• [Given information]:
+-------+

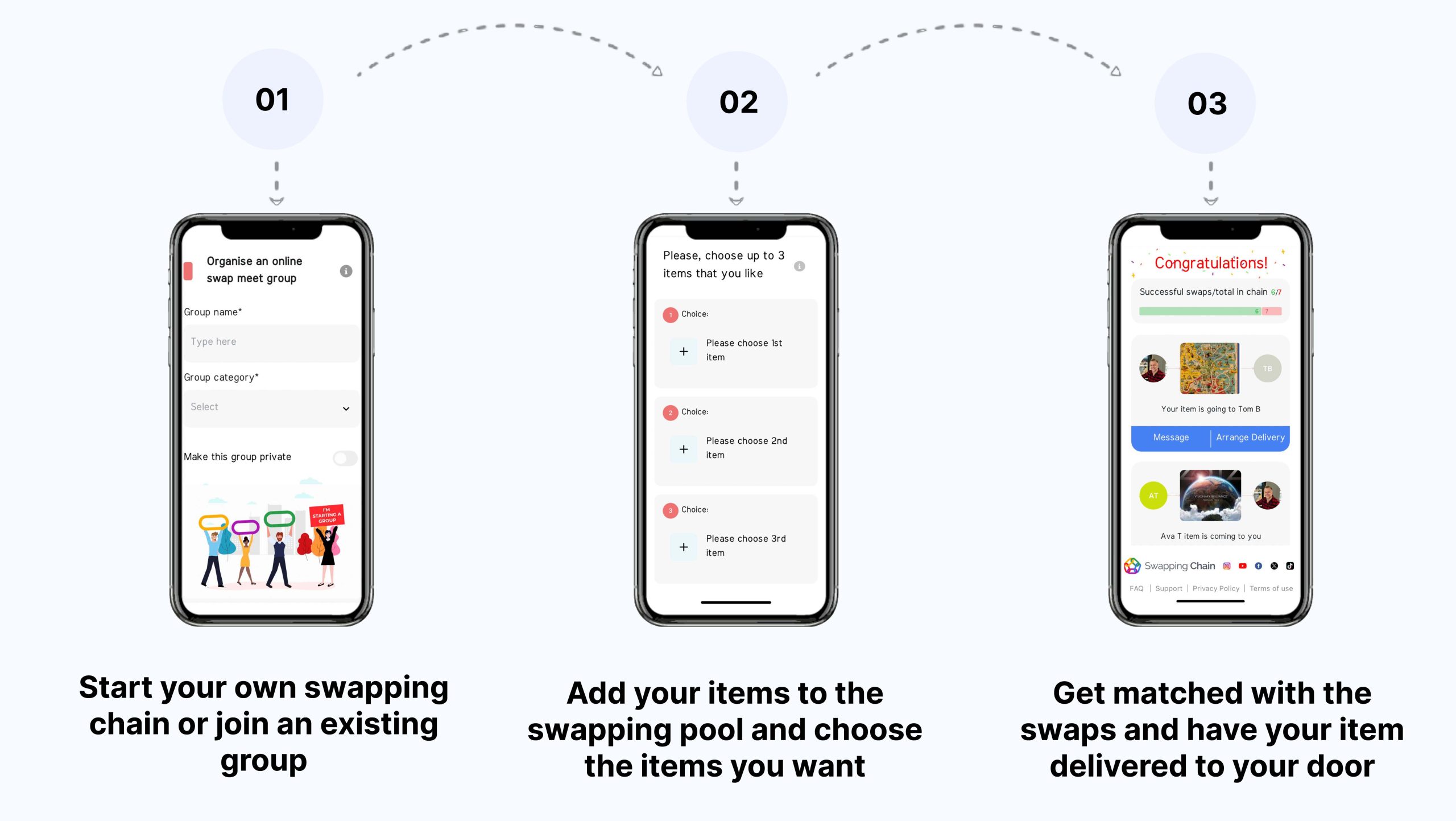 Join or start a group, and you will all place an item into the Swapping Chain. Your item goes to Mary, Mary’s item goes to John, John’s item to Sally, and so on until you get the item you chose. Let our app find your match and do its magic. Don’t buy, Swap!
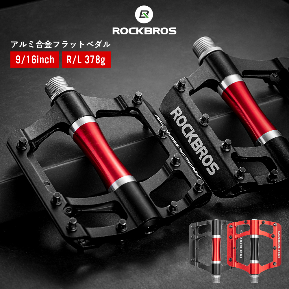 自転車 ペダル フラット アルミ 9/16インチ アルマイト加工 高耐久 スパイクピン クロスバイク ミニベロ ロックブロス 爆買
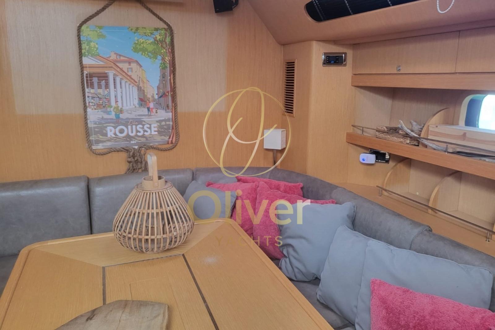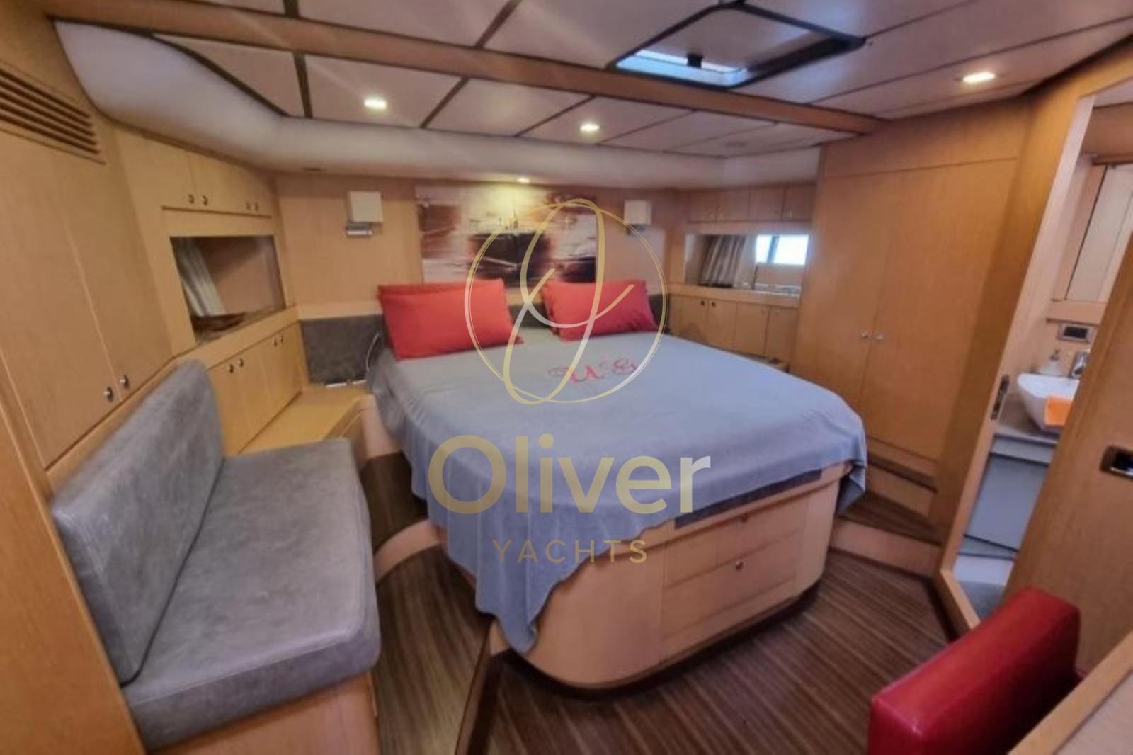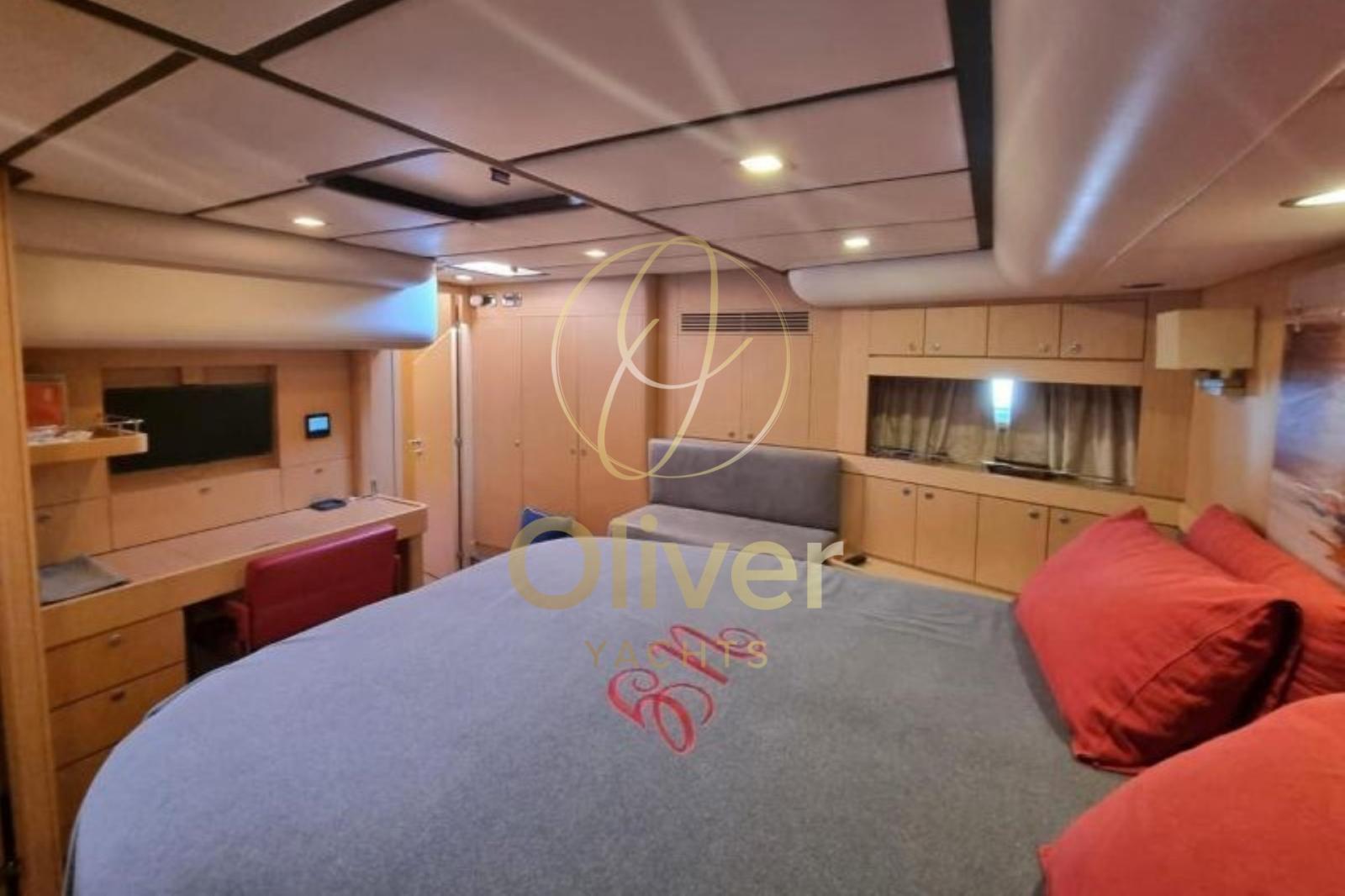 L’intérieur du Franchini 63 S est un véritable mélange d’élégance et de fonctionnalité. Fabriqués avec des matériaux de haute qualité, tels que le teck massif et le composite marin, ils offrent un environnement raffiné et accueillant. Avec quatre cabines (dont une cabine propriétaire) et deux salles de bains principales plus une pour l’équipage, le bateau est conçu pour accueillir jusqu’à huit personnes dans un confort total. La cabine du propriétaire est spacieuse et bien aménagée, avec un grand espace de rangement et une vue imprenable depuis son hublot. Le coin salon central est idéal pour se détendre, grâce à un grand coin repas bien éclairé. La cuisine entièrement équipée avec cuisinière à induction, four électrique et réfrigérateur est parfaite pour préparer des repas pendant les croisières. Chaque détail, de la qualité des tissus à l’aménagement des espaces, est pensé pour optimiser le confort à bord. De plus, l’utilisation de technologies modernes telles que le système de climatisation et le dessalinisateur à bord assure une habitabilité optimale, même lors de longs voyages. L’environnement intérieur est élégant mais en même temps pratique, rendant la vie à bord confortable et fonctionnelle.
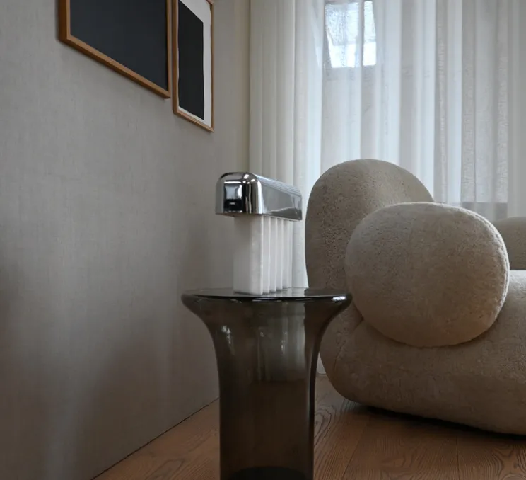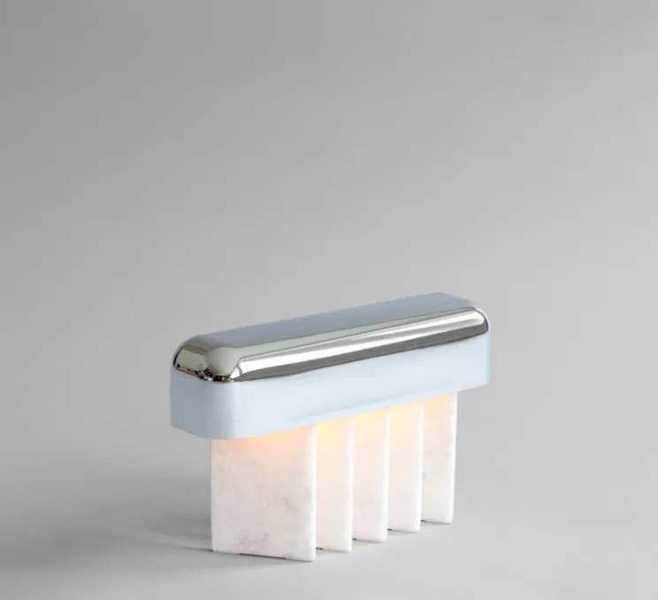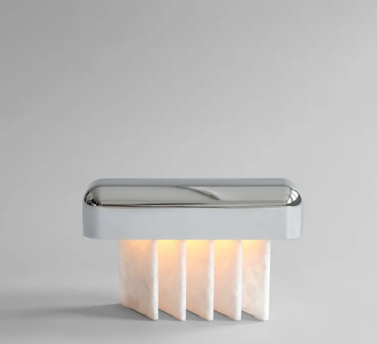 Son abat-jour en métal chromé, légèrement incurvé, repose sur cinq pieds sculptés en marbre cristallisé, laissant filtrer une lumière douce et chaleureuse. Idéale pour créer une atmosphère tamisée, la Beetle trouve sa place aussi bien sur une étagère que sur une table de chevet ou un rebord de fenêtre. Sa silhouette minimaliste et sculpturale s’intègre parfaitement dans un intérieur contemporain, ajoutant une touche d’élégance intemporelle.

+-------+

• [Task directions]:
Please, without any of the pictures, set down exactly the lines from the beginning of the listing to the line that contains "自転車 ペダル フラット", inclusive.

• [Response]:
 Join or start a group, and you will all place an item into the Swapping Chain. Your item goes to Mary, Mary’s item goes to John, John’s item to Sally, and so on until you get the item you chose. Let our app find your match and do its magic. Don’t buy, Swap!
 自転車 ペダル フラット アルミ 9/16インチ アルマイト加工 高耐久 スパイクピン クロスバイク ミニベロ ロックブロス 爆買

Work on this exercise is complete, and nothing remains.